Initially, we note that the only issue in this appeal concerns the propriety of the district court’s decision to deny Nagarajan’s post-judgment motion. The underlying judgment is not reviewable because the notice of appeal was filed more than thirty days after entry of the judgment. See Fed. R.App. P. 4(a); Browder v. Director, Dep't of Corr. of Ill., 434 U.S. 257, 264, 98 S.Ct. 556, 54 L.Ed.2d 521 (1978). Moreover, the notice of appeal specifically states that the appeal is taken from the June 28, 2000, order denying the Rule 60 motion. See Fed. R.App. P. 3(c)(1)(B); United States v. Universal Mgmt. Servs., 191 F.3d 750, 756-57 (6th Cir.1999), cert. denied, 530 U.S. 1274, 120 S.Ct. 2740, 147 L.Ed.2d 1005 (2000). Thus, only the district court’s ruling on Nagarajan’s Rule 60(b)(3) motion is properly before this court.
This court reviews a district court’s denial of a Rule 60(b) motion for an abuse of discretion. Thompson v. Am. Home Assur. Co., 95 F.3d 429, 433 (6th Cir.1996).
Upon review, we conclude that the district court did not abuse its discretion when the court denied Nagarajan’s Rule 60(b)(3) motion because Nagarajan did not establish fraud by clear and convincing evidence. See Simons v. Gorsuch, 715 F.2d 1248, 1253 (7th Cir.1983). He attempted to cast doubt on the authenticity of the students’ signatures on the petition by comparing them with their names as written on tests. The district court found that the signatures were similar, and that *338most of the discrepancies could be attributed to the fact that many of the students printed their names on the exams but signed the petition in cursive. Moreover, Nagarajan did not submit proof from any of the students that the signatures were forged. We are not persuaded that the district court relied on clearly erroneous findings of fact, improperly applied the law, or used an erroneous legal standard. See Romstadt v. Allstate Ins. Co., 59 F.3d 608, 615 (6th Cir.1995).
Nagarajan’s argument that he has proved that the signatures were forged because the students did not oppose his Rule 60(b)(3) motion or sign affidavits declaring that the signatures on the letter of complaint were authentic is without merit. Nagarajan, not the students, had the burden of proof. See Simons, 715 F.2d at 1253.
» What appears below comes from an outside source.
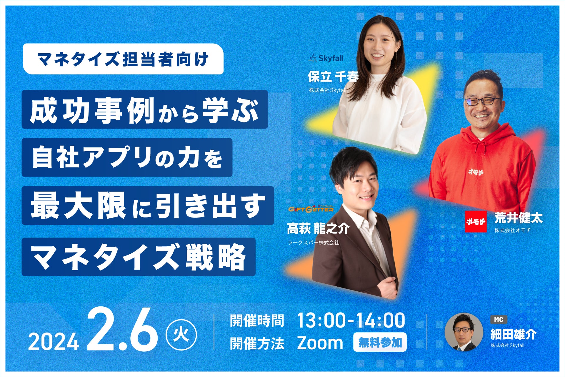 ユーザー体験に寄り添った広告マネタイズプラットフォーム『SKYFLAG』を運営する株式会社Skyfall(東京都港区、代表取締役社長:長谷川 智一、以下Skyfall)は、サービスを運営される企業様を対象に「“成功事例から学ぶ” 自社アプリの力を最大限に引き出すマネタイズ戦略」ウェビナーを2024年2月6日(火)に開催いたします。パネルディスカッションには、株式会社オモチ(本社:東京都台東区、代表取締役社長:荒井 健太)にて、ポイ活アプリ『ポモチ』の責任者を務める荒井 健太氏と、ラークスパー株式会社(本社:東京都豊島区)にて、ポイ活サイト『ギフトゲッター』の責任者を務める高萩 龍之介氏をお迎えし、アプリ収益最大化に向けた運用のコツをお話しいただきます。

Nagarajan’s argument that the district court overlooked the statements from seven students that they signed the letter of complaint without knowing its contents is also without merit. First, these were unsworn statements. A district court may consider matters outside the pleading when ruling on a motion to dismiss and treat the motion as one for summary judgment. See Fed.R.Civ.P. 12(b); Salehpour v. Univ. of Tenn., 159 F.3d 199, 204 (6th Cir.1998). To be considered under Rule 56, however, statements must be admissible and sworn. See Fed.R.Civ.P. 56(e); Carter v. Western Reserve Psychiatric Habilitation Ctr., 767 F.2d 270, 273 n.2 (6th Cir.1985). Second, even if accepted as true, the statements establish only that other students requested the signatures. The students could not be liable because they are not state actors, see Flagg Bros. v. Brooks, 436 U.S. 149, 155-57, 98 S.Ct. 1729, 56 L.Ed.2d 185 (1978), and the statements would not have established that the TSU defendants were liable to Nagarajan. For the foregoing reasons, we affirm the district court’s order. Rule 34(j)(2)(C), Rules of the Sixth Circuit.